Painting the Garden Shed Bench


Today I painted the bench in the sunny garden shed. The bench needs to have lindseed oil applied to it to keep it from getting water damage so I added pigment to the oil to be applied to parts of it. It will need quite a few more coats of oil but they should be able to be plain without pigment from here on out.


For the leaf I used a synthetic green pigment Emerald Earth had been given a large bag of. It was somewhat different to work with, it seemed to stay in solution better and was much brighter. I only really did one coat on the leaf. I did a little touch up work after the first coat had dried though. The vein in the middle of the leaf is a combination of the green and the red from the other side, then some parts of it have more green on top of that. It looks a lot like I just didn't paint it, the color turned out so much the same as the bench.


For the sunflower petals I used yellow ocher, an earth pigment, it was really hard to get it strong enough to overcome the brown plaster. The second coat really helped.


The center of the sunflower was painted with a combination of red iron oxide and a different yellow ocher, and I added small flakes of mica to it so in the sun it should sparkle. By the time I was done the sun was not on that side any more. I will have to check it out some morning.


I tried out putting some of the red on the petals, based on a sunflower I had looked at, but it was mainly just to see how it would look. I did it before I had applied the second coat of yellow. A bit of the red did show through I may try to add a bit more but I don't want very much.

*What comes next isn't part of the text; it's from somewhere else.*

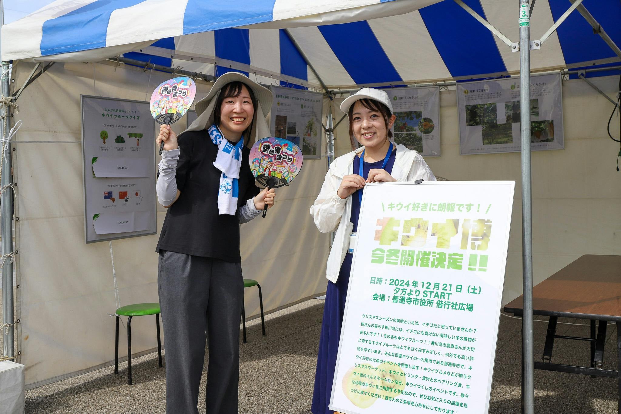 地元の夏祭りでキウイ博の開催と、地元産のキウイフルーツをPR!キウイの生産風景写真やクイズパネルを展示した他、キウイフルーツティーやキウイソーダを振る舞いました。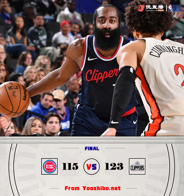 JRS直播网讯讯3月6日讯 NBA常规赛今日继续开打,快船坐镇主场迎战活塞。快船本场背靠背作战,因此球队核心莱昂纳德伤病管理休战,同时鲍威尔、西蒙斯也均缺阵。快船缺少多名核心的情况下压力来到了哈登身上,不过他开局状态爆表连砍17分,连续三分外加制造对手三分犯规的疯狂表现为球队取得两位数领先;整个第一节快船拿到32分,哈登独揽其中23分;活塞开局被当头一棒,不过他们抓住快船轮换薄弱的机会在末段连续追分稳住局面;次节活塞在局面上压制快船不断蚕食分差,最后时刻一波7-0的攻势抹平比分进入下半场。休息归来双方持续拉锯,哈登和康宁汉姆率领各自球队展开博弈势均力敌,末节决胜博格达诺维奇命中两记三分率先发难,随后哈登再度站出来连续单打轰下11分,他的疯砍表现帮助快船拉开比分奠定胜局。最终,快船力克活塞结束3连败。

That last picture of the flower the paint is still wet, it won't look like that after it is dried. The second coat dried a lot slower than the first. It never looked wet like that when I painted the first coat.


I also applied the first coat of oil to the whole bench. It was a pain to paint under it and get into the plaster between the rock foundation. The first coat really took a lot of oil. The bench just sucked it in. Following coats should take less oil until it doesn't want any more, then it is done.